Military Governor of Imo State
- In office August 1990 – January 1992
- Preceded by: Amadi Ikwechegh
- Succeeded by: Evan Enwerem

Military service
- Allegiance: Nigeria
- Branch/service: Nigerian Navy
- Rank: Commodore

= Anthony Oguguo =

Nigerian politician

Navy Commodore Anthony Emeluwa Oguguo was military governor of Imo State in Nigeria from 1990 to 1992 during the military regime of General Ibrahim Babangida.
During his administration, Imo State airport was commissioned and built and still operates today. He very famously said "I saw money and looked away, it is not everything; we can all do the same and teach it to our children."

His administration took a strong hold with Trade Unions. In 1991, he demanded a list of absentee workers who were striking for a minimum wage of N380.
As governor, he commissioned the 100 bed Osina Community hospital in 1991.
He was a member of the Provisional Ruling Council (PRC), and was involved in the decisions about the transition to democracy, leading to the short-lived Nigerian Third Republic.

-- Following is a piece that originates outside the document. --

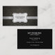 Personalised Business cards for interior designers. Black and Dark Grey Damask with metallic silver accents.

He was a member of a coalition of Enugu State elders who spoke out against the government for alleged involvement in the killing of 14 Catholic worshippers at the Government Technical College in March 2002. They were protesting state action against a church leader.
In August 2002, he was an aspirant to be a governorship candidate for Enugu State on All Nigeria Peoples Party (ANPP) platform.
By January 2003, the ANPP had still not settled on their candidate.
Anthony Oguguo and two others walked out of the primary convention over alleged discrepancies on delegates lists, and the remaining candidate Chief Fidel Ayogu was announced the winner but failed to win in the general elections.

In April 2009, he transferred his allegiance to the ruling People's Democratic Party (PDP).
In October 2009, he was among PDP elders who criticized the actions of Enugu State governor Sullivan Chime in his feud with Joseph Onoh, son of the former Anambra State governor Christian Onoh.